The study tested 4 mg, 8 mg and 12 mg doses of Concert’s CTP-543 against placebo in 149 patients. The drug is a deuterated version of ruxolitinib, a JAK inhibitor marketed by Incyte in the U.S. as Jakafi.
Last November, the company announced results for the two lower doses after 24 weeks of treatment. Concert found that the 4 mg dose wasn’t “statistically different from placebo,” though it did lower patients' alopecia severity score by 50% or more, as measured by the severity of alopecia tool (SALT), in about one-fifth of patients. The 8 mg dose did better, reducing SALT scores by 50% or more in 47% of patients and meeting the study’s primary endpoint.
While Concert expected the 12 mg dose to do even better, CEO Roger Tung told FierceBiotech at the time that the safety and efficacy seen at 8 mg were enough to take the drug forward at that dose level.

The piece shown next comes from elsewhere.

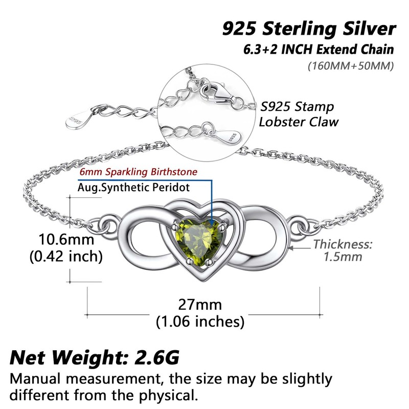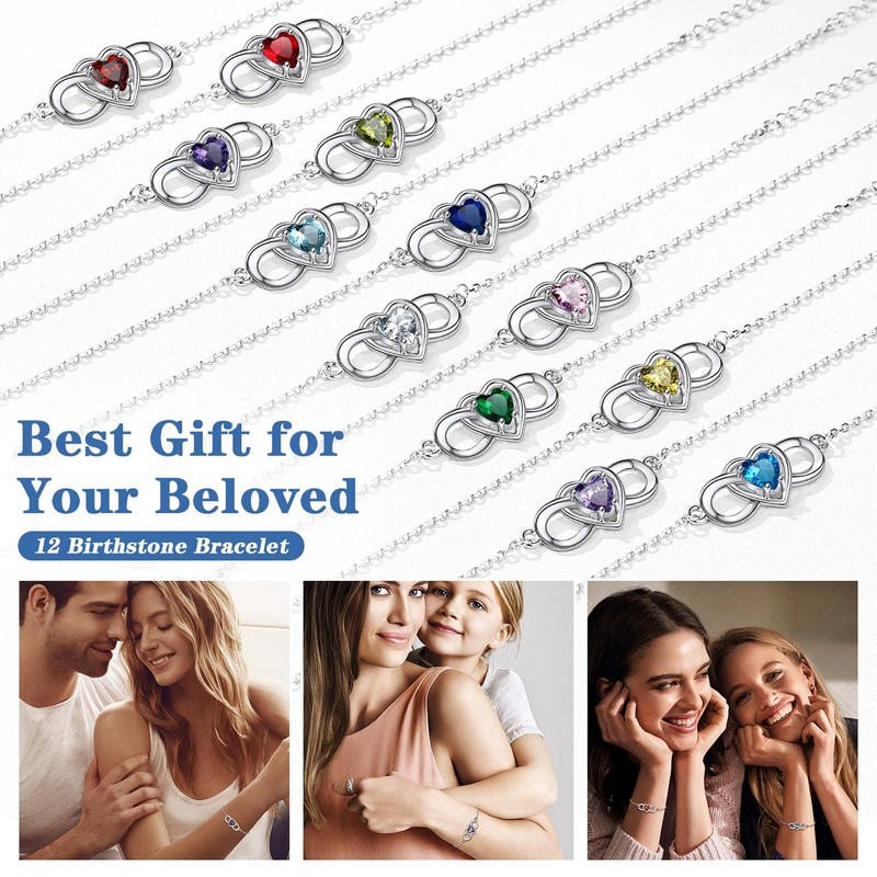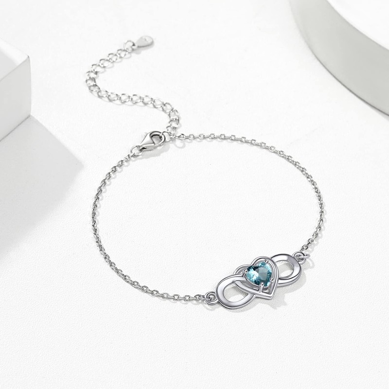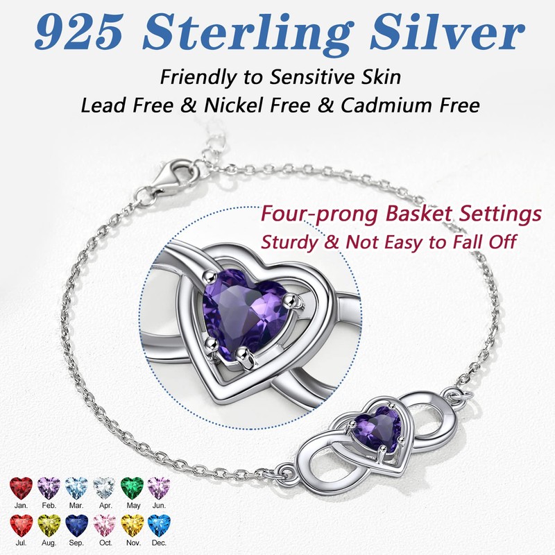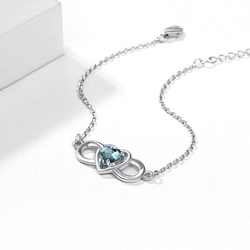 Infinity Bracelet Feet Chains for Women Sterling Silver Fashion Birthstone Heart Bracelet Summer Dainty Jewelry

As with the 8 mg dose, more patients on the 12 mg dose had a 50% or more reduction in their SALT score than patients taking placebo—58% versus 0%, the company said. Both dose groups had more patients who saw a 75% or greater or 90% or greater decrease in SALT score from baseline versus placebo. The average SALT score for all patients, where 0% is no scalp hair loss and 100% is total scalp hair loss, was 88%. Finally, 78% of patients on the 12 mg dose and 58% of patients taking the 8 mg dose rated their disease as “much improved” or “very much improved.”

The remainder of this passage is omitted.